After finishing up in the museum, our small tour group wound it’s way towards what would be the grand finale, St. Peters Basilica.
Fun fact, while this canopy over the alter may look massive, let me assure it it’s even larger than you would think. Bernini’s baldacchino is 96 feet tall and contains about 100,000 pounds of bronze… thats right, bronze. A reason it might not look as large as it really is would be because the dome above it is a staggering 452 feet.
There is never a moment when you are not just standing here in awe, utterly dwarfed by it all.
To say this was a magnificent end to a morning full of wonder would be an understatement. It’s hard to fully state just how beautiful, awe-inspiring and humbling it is to visit a place like the Vatican and know you’ve only seen maybe 10% of all that is to see. I have a friend who’s been here four times already and is still ready to go back at a moments chance and if I lived any distance shorter, I would be the same. As it is, I don’t know when i’ll be back but I know with a fervent assurance I could spend a solid week here, day in at day break and day out at sunset and still feel there was much to see and learn.

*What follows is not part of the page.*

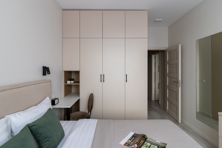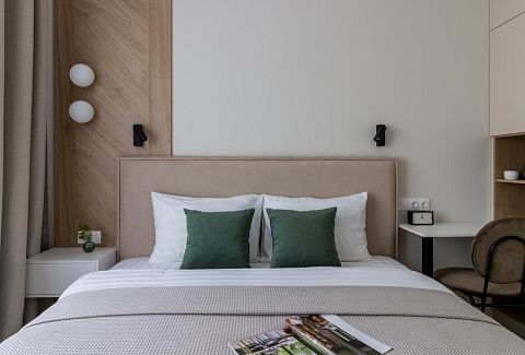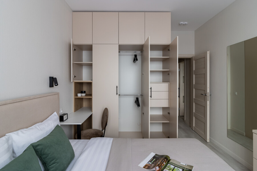 В номере: вешалка, диван раскладной, зеркало, кровать двуспальная, прикроватные тумбочки, стол, стулья, шкаф, духовой шкаф, кондиционер, кофемашина, микроволновая печь, набор посуды, плита электрическая, посудомоечная машина, стиральная машина, телевизор, утюг, холодильник, электрочайник

There are hundreds of places I’d love to see before I shuffle off this mortal coil, some of them as specific as single bookstore in a city and some as all encompassing as a whole continent. Rapa Nui, Singapore, St Petersburg, Prague are just a few, and Vatican City was up there among the very top, at least until I was able to mentally marked it off. It was as amazing as i’d ever expected it to be and to say i’m not already planning a way to go back and be able to spend a solid week just walking through the museums lengthy corridors would be an enormous falsehood.
Full disclosure- if you’re looking for a post about the history of the Vatican, it’s influence and the way it differentiates from the Holy See, you probably would do well to click elsewhere.
I thought long and hard about how I would put together these photos in a blog post, both because I don’t consider myself a Christian and because i’m not a person who can easily walk the line between fawning over the gorgeous architecture and the millions of wondrous treasures housed here while also remembering the at times incredibly bloody history of Catholicism.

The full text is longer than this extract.